On Saturday the 14th of January, 35,000 people joined a demonstration near the village, many making their way through the mud fields to get to Lützerath and the edge of the mine. Countless protesters broke through police lines and forced police to retreat, some entered the opencast mine.

The eviction was shaped by police brutality and violence. When they realised that they were unable to stop thousands of protesters during the mass demonstration, police beat up people with batons and pepper spray, kicking and pushing them to the ground. In small gangs, they charged into groups of protesters. Police dogs attacked activists, just meters away from the steep edge of the Garweiler II opencast coal mine, and used water cannons and horses. They dragged people by their hair, and used pressure points to cause pain and intimidation.

Photograph by Barbara Schnell

Between 100 and 200 protesters were injured – exact numbers are difficult to get, because reporting injuries would require identification and thus risk further police repression. Dozens of people had head injuries, many had broken bones and one person had to be transported away by helicopter. “I’ve seen every bone in the human body broken today”, an action medic tweets afterwards.

Since 2017, police officers in North Rhine Westphalia are no longer required to wear identification numbers, one of the first official acts of the current minister of the Interior, Reul, and his party.

So even if the political will to hold officers accountable existed, it would be unlikely it would yield results.

Reul is known for his support of RWE and repressive policing, having previously caught lying about meeting with RWE bosses, and being responsible for the illegal eviction of the neighbouring Hambacher forest occupation (see below).

Despite numerous videos of police violence, Reul maintains that police conduct was ‘professional’, framing protesters as radicals, extremists, and violent criminals. Major media reproduce this narrative to delegitimize resistance.

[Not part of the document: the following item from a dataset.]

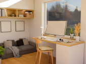 Część pokoju z biurkiem przy ścianie, krzesłem, dwie poduszki przy oknie i inne rzeczy

Resisting divide-and-conquer attempts

For years, RWE, police, and politicians have tried to divide-and-conquer the Rhinish anti-coal movement, asking groups to distance themselves from more ‘radical’ elements of the resistance, but this time, it was unsuccessful. Despite its diversity – eco-anarchists and liberal environmentalists, Fridays-for-future kids and church groups, students and grandparents – and despite political pressure, there has been no “distancing” from actions and forms of protest over the past week, as so often occurs. No condemnation, no appeals for ‘nonviolence’ or ‘peaceful protest’. People have embraced a diversity of tactics, not letting the state and RWE divide and rule.

The resistance in and around Lützerath is the product of many years of organising. For two and a half years people had prepared for ‘Day X’ – built camps, barricades, tree houses, and tripods, and occupied houses to stop the destruction of the village. They rebuilt community in an area that had long been politically neglected, inhabitants intimidated and paid off, slowly cut off from infrastructures.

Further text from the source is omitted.